“Walking is a virtue, tourism is a deadly sin.” Bruce Chatwin
I wonder if it is possible to move to and establish in a new place without becoming a tourist the first few days or weeks. The countless “so how close to the beach do you live?!” questions that come through emails and phone calls from friends abroad make me think twice about how I should see Rio de Janeiro. I will get to that in a second, but first some words on this past week.
When I arrived to Rio’s international airport Galeão I realized how little time I had had to think about studying abroad. My summer internship in the Brazilian and Peruvian Amazon had ended just three days before and I still had (and have) many documents and reports to write. PUC-Rio’s (my host university) staff met exchange students at the airport the morning I arrived and in a matter of minutes we were on our way to our respective host family’s place. My host-mother came out of the apartment to receive me with a hug and a warm “Bem-vindo Diego!” She showed me my new room and before I even noticed we were in the kitchen telling each other stories about our lives with a cup of coffee. After living in Norway and the US for four years, I can’t describe how that first morning made me think of home in Guatemala. “All Brazilians are friendly” may be an exaggeration, but my experiences in Rio de Janeiro and the Brazilian Amazon so far have shown me the incredibly welcoming side of this culture.
Every morning at 8:30 a.m. I cross the street in front of my apartment to take a bus to PUC, usually with my German flat-mate who is also an exchange student at PUC. The twenty-five minute ride to PUC seems nothing compared to the hour and a half or even two hours some local students take to get from their homes to the university. Most exchange students at PUC live in Rio de Janeiro’s Zona Sul (“South Zone”) which includes the city’s richest neighborhoods and most famous beaches. I had some trouble deciding what I wanted to write in this entry about Rio de Janeiro. I could describe my neighborhood’s busy streets, Copacabana’s beaches or even the scenic path I take when I bike from the university back to my apartment in the afternoons, but I would certainly be describing just a small section of Rio de Janeiro’s reality.
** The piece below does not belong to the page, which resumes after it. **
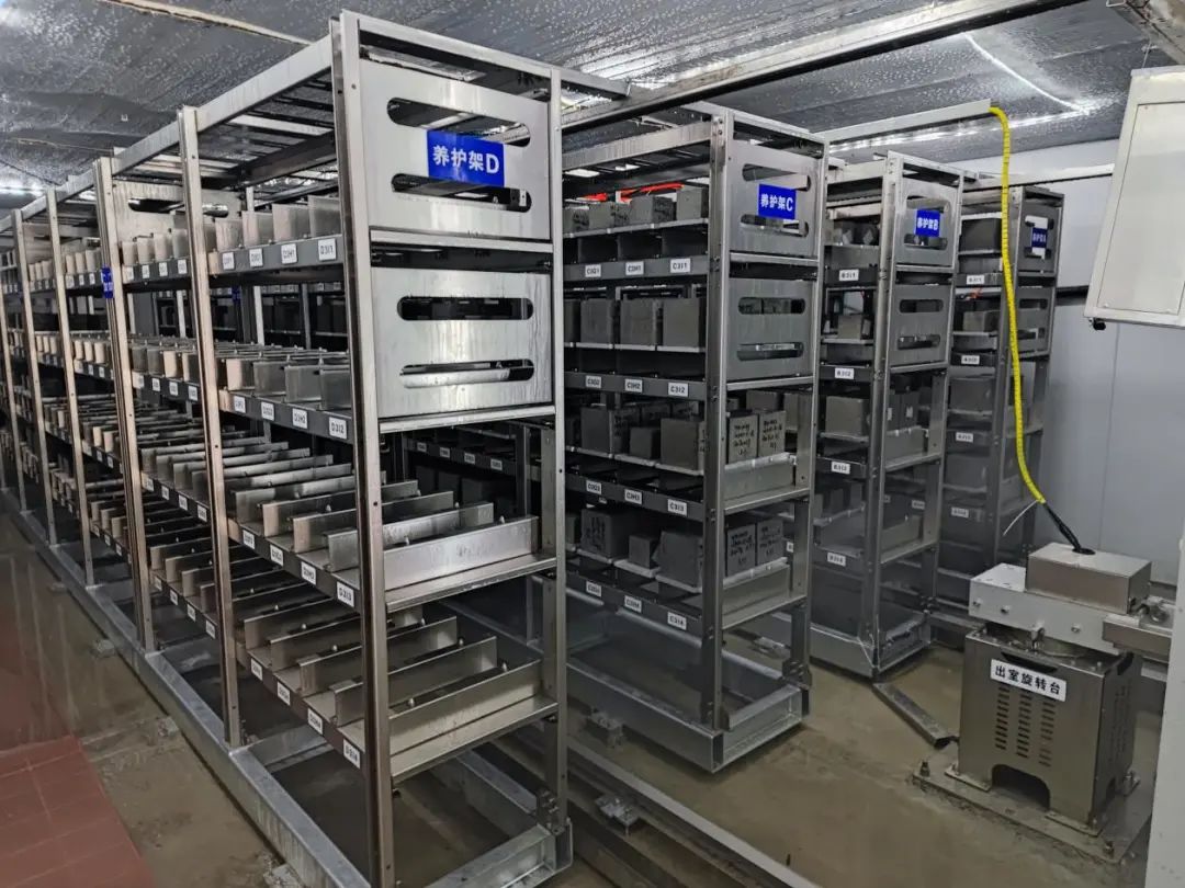 该系统主要由入库模块、养护架、堆垛机器人、养护模块、出库模块等部分组成。对接智能混凝土抗压强度检测系统后可完成对混凝土试样的入库养护、到期出库、自动上料、压缩试验、结果判定、 出料等试验过程全部由设备自动完成,排除人为干预,确保了试验数据的科学性和准确性,可不间断持续工作, 提高了工作效率。避免试验人员频繁进出养护室对养护室内温湿度的影响,避免试块因频繁转运造成的缺棱掉角的情况,防止因人为失误导致的试块存取差错,降低了试验人员的劳动强度,实现了试验机系统的自动化与智能化。

I continue to wonder – is it possible to move to and establish in a new place without becoming a tourist the first few days or weeks? Tourism continues to exploit the same discourses that built Brazil’s image abroad as an exotic, happy, and social destination. In addition, a tour around the city’s favelas (typically described as low-income shanty towns) is now part of some tourists’ plans for their visit to Rio de Janeiro. These two contrasting touristic destinations (Copacabana’s famous beaches vs. some of Rio’s poorest areas) seem to dominate the tourism-related advertising I have seen around the city and online. And the conversations I have had with foreign and local students at PUC make me think such discourse is not strictly limited to tourism, but goes as far as influencing how Rio’s residents present their city to others.
Is it possible then to “experience” Rio de Janeiro under a different scheme? I have my doubts. Getting to “know” a new place is, of course, a subjective experience, yet I truly hope I find a way to step back from the common descriptions of Rio de Janeiro and settle as a student as soon as possible. My first “solution” was to read Brazilian literature with stories that take place in this city. I recently finished reading “Quando ia me esquecendo de você” [“When I almost Forgot About You”] by Maria Silvia Camargo, and as I thought about this entry I struggled to avoid presenting you with a typical “Zona Sul” description of Rio de Janeiro, an exotic presentation of the city’s high levels of socioeconomic inequality, or Camargo’s romantic view of Rio’s atmosphere. How we position ourselves within and in relation to a new space will certainly determine our views and experiences regarding such place. I just hope that in the next couple of weeks I find a position that allows me to take a step away from becoming yet another tourist in Rio de Janeiro.